O levantamento das pesquisados mostrou que o PROS foi o partido com o maior percentual de candidaturas possivelmente laranjas. O partido teve 75 candidatas em todos o país, 40% delas estavam estavam nessa condição. Procurados pela reportagem, todos os partidos afirmaram que não não financiaram candidatas laranja.
Com os escândalos expostos, parlamentares do PSL e do PSD – partidos com maior quantidade de possíveis laranjas entre mulheres, na comparação com homens – propuseram projetos de lei que visam acabar com as cotas e com o fundo de campanha.
O autor da proposta é o senador Angelo Coronel (PSD-BA), para ele, seria necessário uma mudança cultural para termos uma participação feminina e masculina equilibrada no Congresso.
“A diminuta participação feminina é resultado de questões históricas muito mais complexas que a simples disposição financeira. Nesse sentido, uma medida forçada se mostra vazia de efeitos, como se tem percebido”, afirma ele, na justificativa do projeto.
Mas, para a professora Malu Gatto, a solução desse problema é garantir fiscalização eficaz e punição severa aos partidos que não cumprirem a lei devidamente.
“Esse foi o primeiro ano do uso do fundo de campanha e do fim das doações de empresas. Agora, caberá ao TSE ajustar a decisão e aprimorar os mecanismos de controle da forma como esse dinheiro é repartido”, defende, citando que o TSE precisa deixar claro que 30% das verbas para eleições proporcionais (Câmara e Assembleias) devem ir para candidatas.
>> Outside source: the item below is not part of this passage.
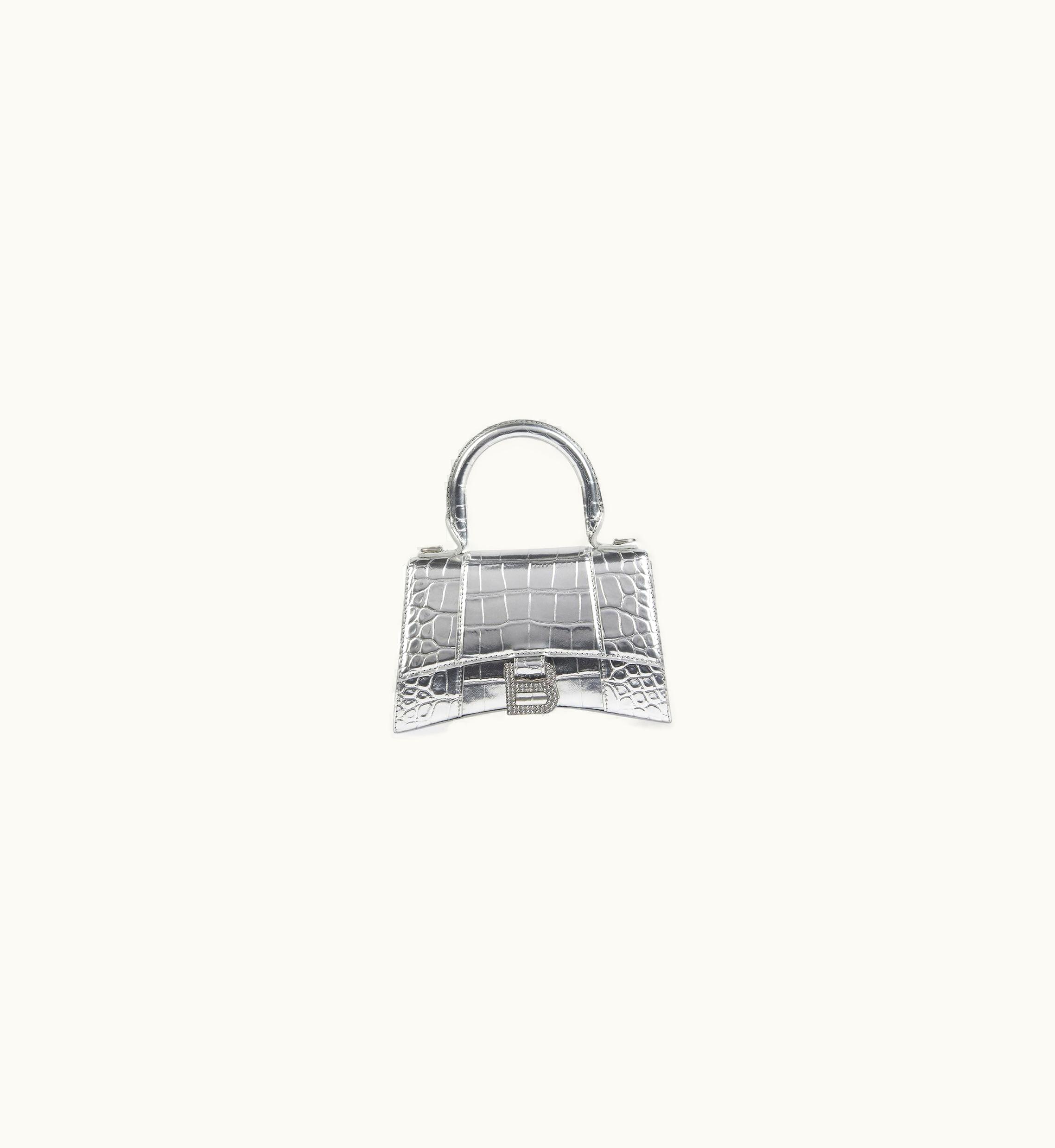Balenciaga Hourglass Xs Handbag Metallized Crocodile Embossed With Rhinestones

Gatto destaca também que, em países onde foram adotados cotas femininas para o Congresso Nacional, as mulheres já se aproximam da metade das cadeiras. No México, 48% são ocupada por mulheres. Na Bolívia, 53% dos deputados são mulheres. Na Costa Rica e na Nicarágua, elas são 46% e 44% do Legislativo, respectivamente.
“Ou seja, países da região mostram que o problema é institucional e não cultural “, afirma Gatto.